Key Actions for Investors
JPMorgan’s long-term outlook is bullish, and the current market conditions present a buying opportunity for investors. The weekly chart for JPMorgan presents a double bottom at the long-term support of $100.54, which was confirmed when the price broke through the $120 mark, as shown in the chart below. The breakout was strong, and prices have since risen above $140. The emergence of bullish divergence, indicated by the blue lines in the chart, further bolsters the bullish outlook. This divergence suggests that selling pressure has decreased, and buyers have entered the market.

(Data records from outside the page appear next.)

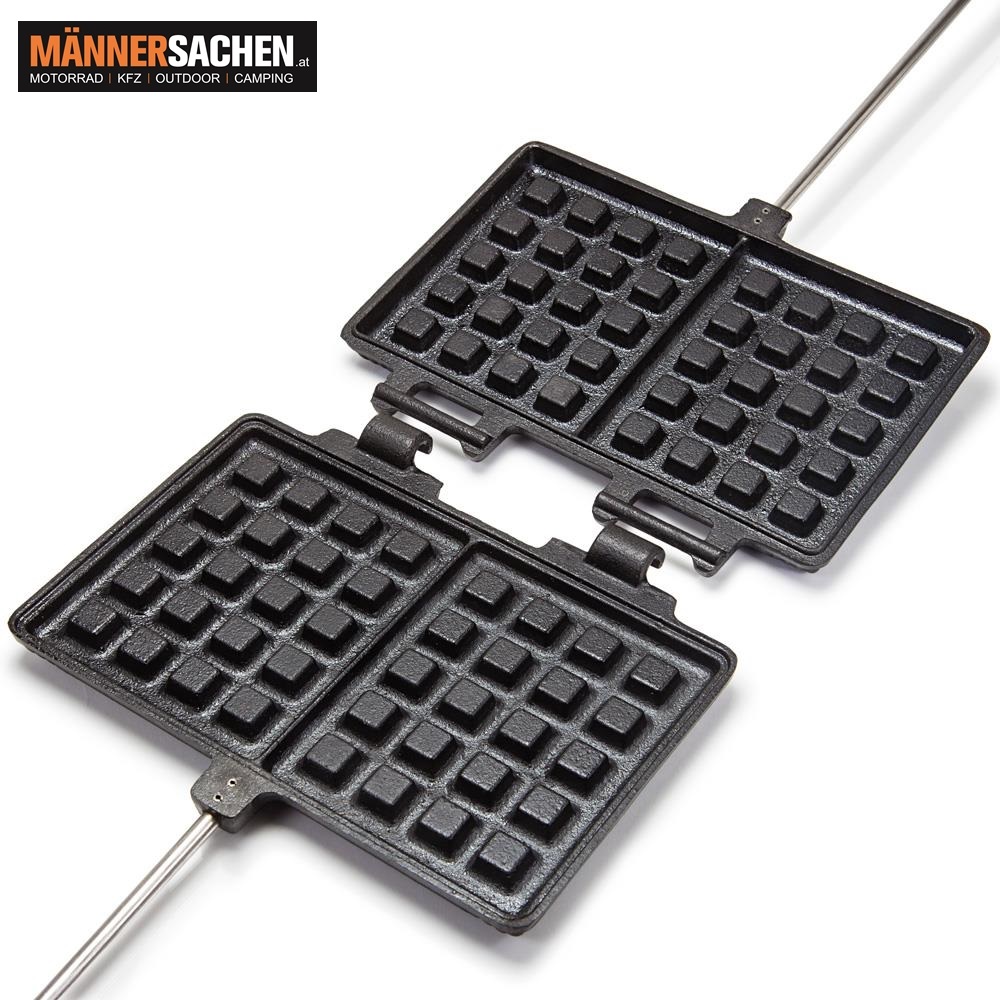 Ob auf dem Grill oder am Lagerfeuer, hier wird jede Waffel zum Hit. Das Waffeleisen bereichert deine Outdoor-Küche um einen weiteren großartigen Nachtisch: Waffelteig einfüllen, gegebenenfalls einmal drehen und schon ist das leckere Gebäck fertig.
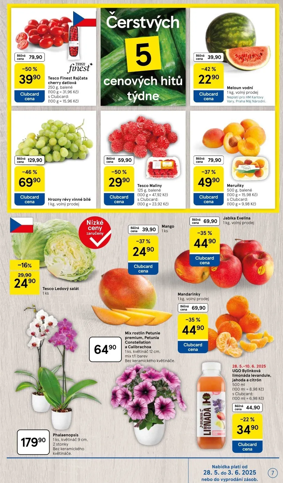 V letáku obchodu Tesco najdete skvělé nabídky na čerstvé potraviny a rostliny. Například rajčata cherry datlová za 79,90 Kč (s clubcard 39,90 Kč) a hrozny bílé révy za 129,90 Kč (s clubcard 69,90 Kč). Nezapomeňte na ledový salát za 24,90 Kč a maliny za 59,90 Kč (s clubcard 29,90 Kč).
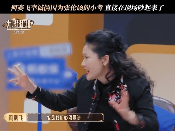 《无限超越班》这期最大的笑点是李诚儒和何赛飞给的。俩人因为一个说东一个说西吵得面红耳赤,刘涛的表情从震惊到无奈到想逃。何赛飞突然意识到吵得没意义,笑着说“他们就是来听我们讲这些的”,全场跟着笑翻。李诚儒何赛飞录节目吵起来了
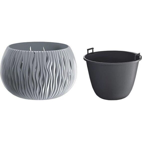 Кашпо для цветов Sandy Bowl является замечательным украшением садового интерьера, дома, зоны отдыха. Оно обладает повышенной стойкостью к высоким и низким температурам, а также к различным механическим повреждениям. Кашпо для цветов Sandy Bowl состоит из двух предметов: внутренней емкости, куда сажают растение, и декоративной емкости. • Комплектация: 2 предмета (внутренняя емкость + декоративная емкость) • Размер (ДМхВ): 238х161 мм • Объемы: 2,3 л • Цвет: серый • Материал: пластик • Вес брутто: 0,384 кг • Количество в упаковке: 5 штук • Производитель: Prosperplast • Страна: Польша

Although the price has reached the resistance level, it is currently testing the support level of $120, which is a potential buying opportunity. In summary, the region between $100.54 and $120 presents an excellent entry point for long-term investors to buy.
Risks
The banking industry is facing negative investor sentiment and significant earnings volatility, leading to uncertainty about the stability of banks. The extent of the pressure on earnings depends on the asset mix and funding base of each bank. In the upcoming weeks and months, the stock prices of banks may experience more volatility, and there is a possibility that valuations could decline further before improving.
The technical chart of JPMorgan reflects the uncertainty in the market through the presence of ascending broadening wedges, which are indicative of high market volatility. Although $100.54 presents a compelling buy level, a monthly close below this threshold could elevate the risk of further decline and panic among investors. However, any panic will be short-lived and will be followed by the next upward move in the market.
Bottom Line
In conclusion, the collapse of SIVBQ has triggered a risk-off sentiment in financial markets, leading to a reassessment of risk across multiple institutions and increased volatility. However, JPMorgan’s financial stability suggests that the bank is well-equipped to overcome these challenges. The bank’s deposit of $30 billion with First Republic Bank will help stabilize the bank and prevent further outflows of depositors, boosting investor confidence. The Fed’s BTFP will also help alleviate financial strain on banks, protecting capital and minimizing the impact of market fluctuations on financial stability. Commercial banks are facing liquidity challenges, as indicated by the increase in borrowing from the Fed and the FHLB. However, JPMorgan would benefit from the increased liquidity in the financial system because it would have easier access to cash and loans. The technical analysis suggests a strongly bullish long-term perspective for JPMorgan in the form of an inverted head and shoulders. The chart patterns indicate that any drop in JPMorgan’s price is considered as a buying opportunity. Investors with a long-term perspective consider the strong support level at $100.54 as a favorable buying opportunity due to the emergence of the ascending broadening wedge.
Disclosure: I/we have no stock, option or similar derivative position in any of the companies mentioned, and no plans to initiate any such positions within the next 72 hours. I wrote this article myself, and it expresses my own opinions. I am not receiving compensation for it (other than from Seeking Alpha). I have no business relationship with any company whose stock is mentioned in this article.